The Quiet Scientist… Silences by Jacomo The Perfumed Dandy’s Scented Letter 

She made for quite a sight hurtling down the hillside on her sledge long after the snows had gone.

She didn’t care.

Her sleigh, as she had taken to calling it, was the fastest way from home to forest whether it was the ice of winter or the wet grass of spring under her.

Its hand polished soft wood frame, lustrous with the cool green lemon resin that she lavished upon it, cut a seamstresses swathe through the fields. She took the shortest route in the least time so as to waste none of the fabric of the day.

April showers and unseasonal warmth had brought forth a scattering of lily of the valley: with an outstretched arm she snaffled a few and tossed them into her basket without stopping or even deviating from the line of descent.

Arriving at the woodland’s edge she dismounted, wiped the cold compressed grass from her trusty steed’s blades, inhaled its bitter and brand new odour then wrapped the handful of green into tissue paper before placing it beside the muguet.

Once beneath the canopy, in dappled light and shade, her search began in earnest.

It was time for the first bluebells of the year, and she had determined to find them.

Hyacinthoides non-sctipta (how she preferred the old name of Endymion), always smell best when caught early, as though the first flush having pushed themselves so forcefully to the front are breathless and exhale their scent with a more serious ardour than later blooms.

She chanced upon them almost immediately, their hue picked out in bright watery sunlight, glowing in an otherwise out of focus glade.

She held them to her nose and was not disappointed, an innocent and uncloying sweetness, that charmed instantly. Carefully she consigned them to her carry all and prepared to climb home with her precious haul.

Then something tugged at her sense: a shaper darker smell, of trees and roots, growth and decay.

Extracting the scalpel from her lab coat pocket, she scraped a little moss from the base of a great oak, careful not to take too much, careful not to disturb the fragile colony too much lest she destroy it.

No need this time take the crop close to her face, its pungent scent reached her from the basket where it now sat.

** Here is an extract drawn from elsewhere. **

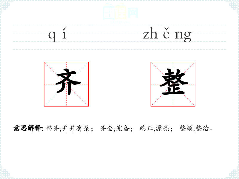 ; 齐全;完备; 端正;漂亮; 整顿;整治。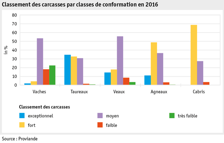 L’accroissement de la charnure observé ces dernières années est le résultat du savoir-faire des éleveurs. Près de 68 % des taureaux, 33 % des veaux et 60 % des agneaux ont été jugés bien en viande ou très bien en viande en 2016. En 2005, seuls 43 % des taureaux, 17 % des veaux et 43 % des agneaux avaient atteint ces niveaux de qualité. En ce qui concerne la charnure des vaches, les résultats de la taxation stagnent depuis plusieurs années à un bas niveau, puisque 40 à 47 % des vaches abattues sont jugées décharnées ou très décharnées. Cela s’explique par le fait que le cheptel des vaches est essentiellement constitué de vaches laitières, qui de plus appartiennent en majorité à des races spécifiquement sélectionnées pour cette production.

There was another aroma too, besides the unseasonal tea rose and the wild yellow iris, but it was not until the rain came, brisk and businesslike, that it revealed itself. As she trampled a path through the undergrowth, she flattened, with the purpose of disarming them, a small cluster of nettles.

They responded not with a stinging rash, but an early smell of the next season. The scent was savoury, sodden yet sun bleached, swarthy and still clean: it was the presentiment of an English summer.

She longed to take armfuls back, but contented herself with a gloved handful or two.

And so she began her return: clambering through the already tall meadows, deep in thought as wild grasses brushed against her.

All the time considering how to turn these things collected from nature into chemicals and then how to compose them into black bottled magic.

Silences by Jacomo is a perfume that particularly deserves to be talked about, a hush that demands to be broken.

It is a glorious green, replete with floral abundance, a masterful but restrained use of moss and an uncontained herbaceous feature that is more centrepiece than border.

It is an exercise in apparently effortless formality and clear-sightedly brilliant composition.

The opening itself is quite special, a surprising cool breeze of aldehydic muguet, shot through with sharp lemon. Be alert though, for in this changeable spring day of a scent it is gone tantalisingly too soon.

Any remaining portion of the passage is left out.